From the records below, print exactly the lines starting at the one containing "Naar voorbeeld Irinee" and ending at the one containing "Im Trauerfall Tag", ends included, and nothing else.

Records shown:
Start of Block

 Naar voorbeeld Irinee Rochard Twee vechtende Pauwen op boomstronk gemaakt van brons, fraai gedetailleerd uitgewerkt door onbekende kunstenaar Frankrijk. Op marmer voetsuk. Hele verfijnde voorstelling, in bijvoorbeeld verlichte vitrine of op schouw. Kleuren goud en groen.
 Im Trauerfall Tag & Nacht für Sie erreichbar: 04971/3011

End of Block
Start of Block

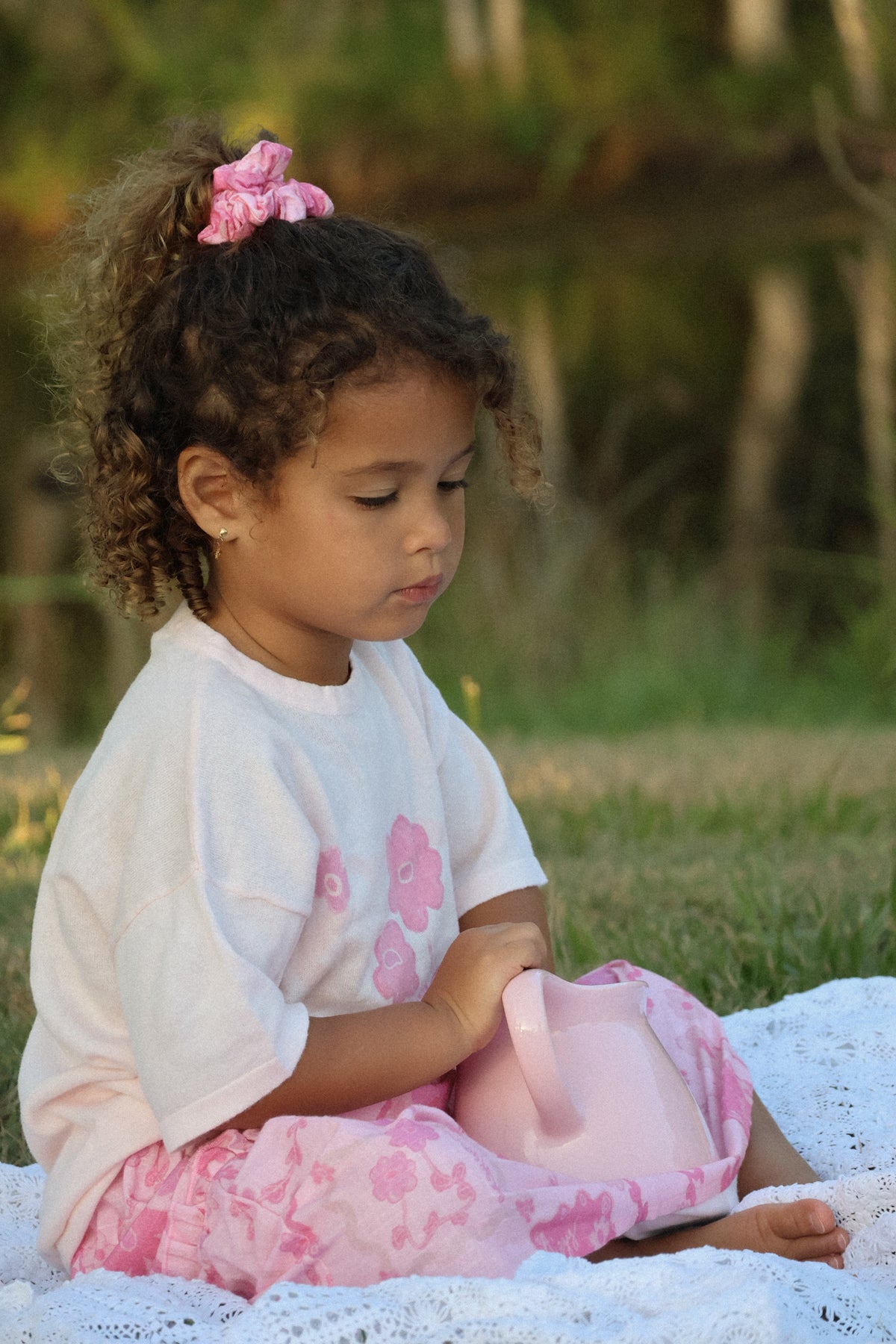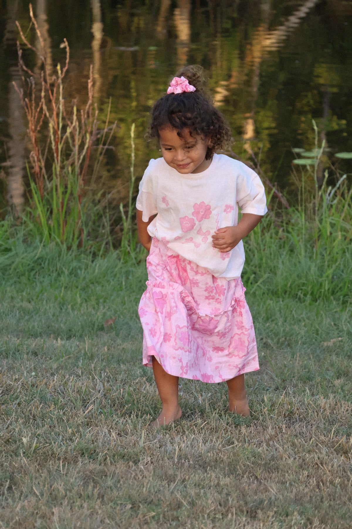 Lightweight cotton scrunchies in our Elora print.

End of Block
Start of Block

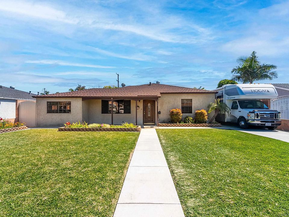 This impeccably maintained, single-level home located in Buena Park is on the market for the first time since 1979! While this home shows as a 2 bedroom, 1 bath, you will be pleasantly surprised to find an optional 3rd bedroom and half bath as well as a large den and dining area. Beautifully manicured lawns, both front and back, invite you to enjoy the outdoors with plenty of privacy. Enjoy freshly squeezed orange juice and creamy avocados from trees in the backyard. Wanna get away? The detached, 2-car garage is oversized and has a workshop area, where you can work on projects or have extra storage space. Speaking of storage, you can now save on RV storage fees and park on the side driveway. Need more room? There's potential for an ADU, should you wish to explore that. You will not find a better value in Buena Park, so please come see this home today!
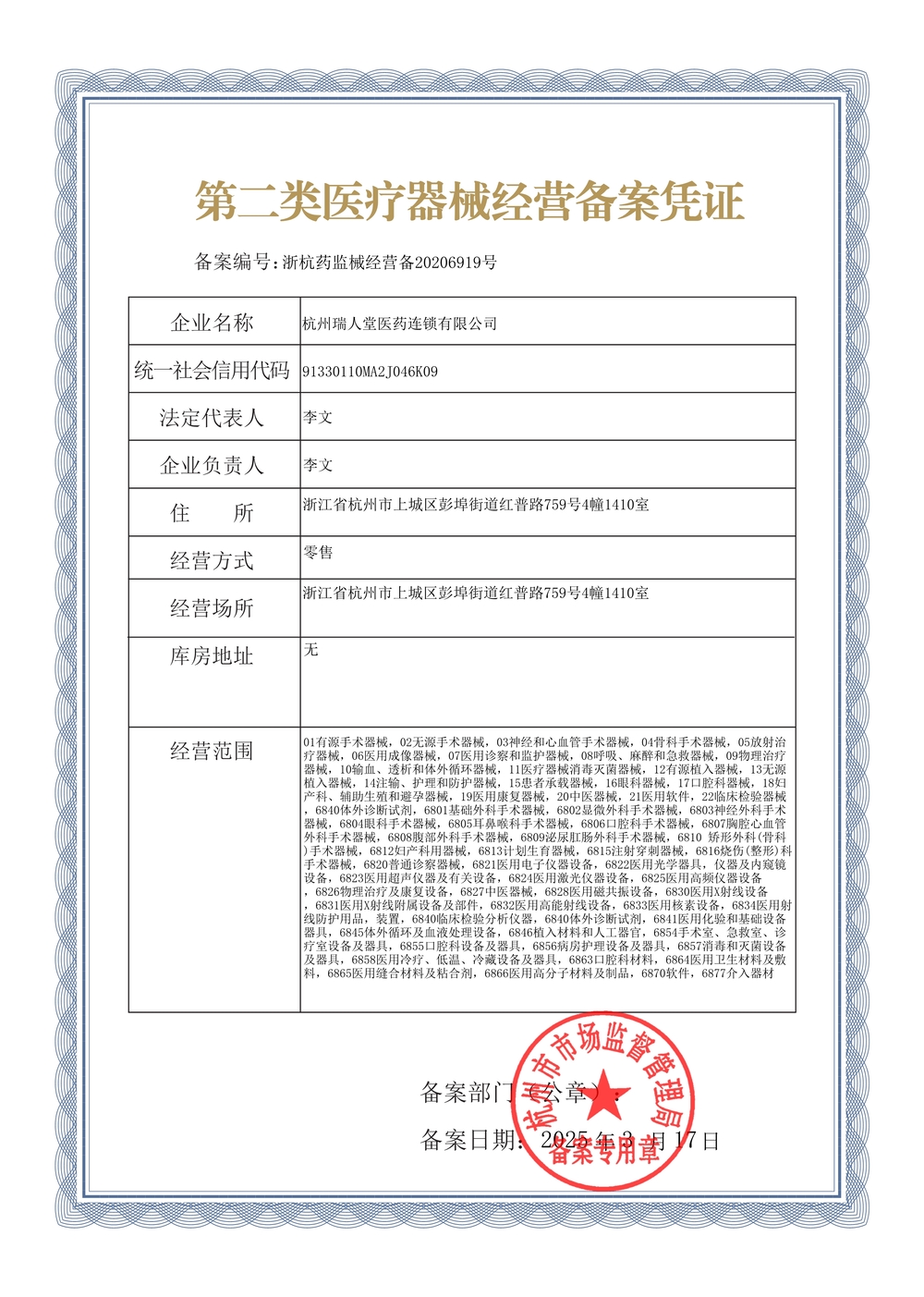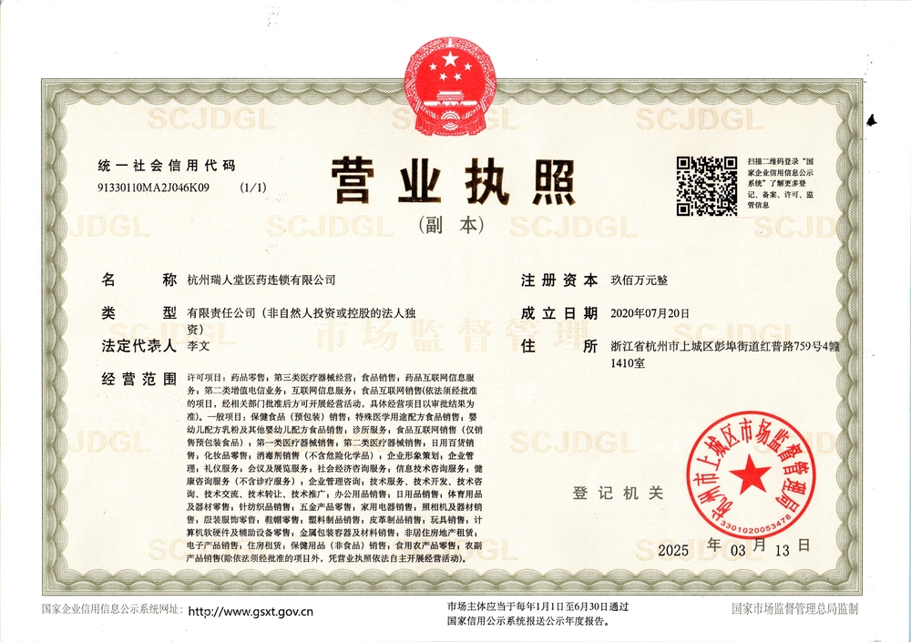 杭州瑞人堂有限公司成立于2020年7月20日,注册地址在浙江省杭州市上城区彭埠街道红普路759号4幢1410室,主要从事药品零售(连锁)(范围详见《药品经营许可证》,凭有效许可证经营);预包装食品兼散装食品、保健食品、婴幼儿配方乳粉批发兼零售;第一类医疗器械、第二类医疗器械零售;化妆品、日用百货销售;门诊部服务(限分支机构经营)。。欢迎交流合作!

End of Block

Result of the task:
 Naar voorbeeld Irinee Rochard Twee vechtende Pauwen op boomstronk gemaakt van brons, fraai gedetailleerd uitgewerkt door onbekende kunstenaar Frankrijk. Op marmer voetsuk. Hele verfijnde voorstelling, in bijvoorbeeld verlichte vitrine of op schouw. Kleuren goud en groen.
 Im Trauerfall Tag & Nacht für Sie erreichbar: 04971/3011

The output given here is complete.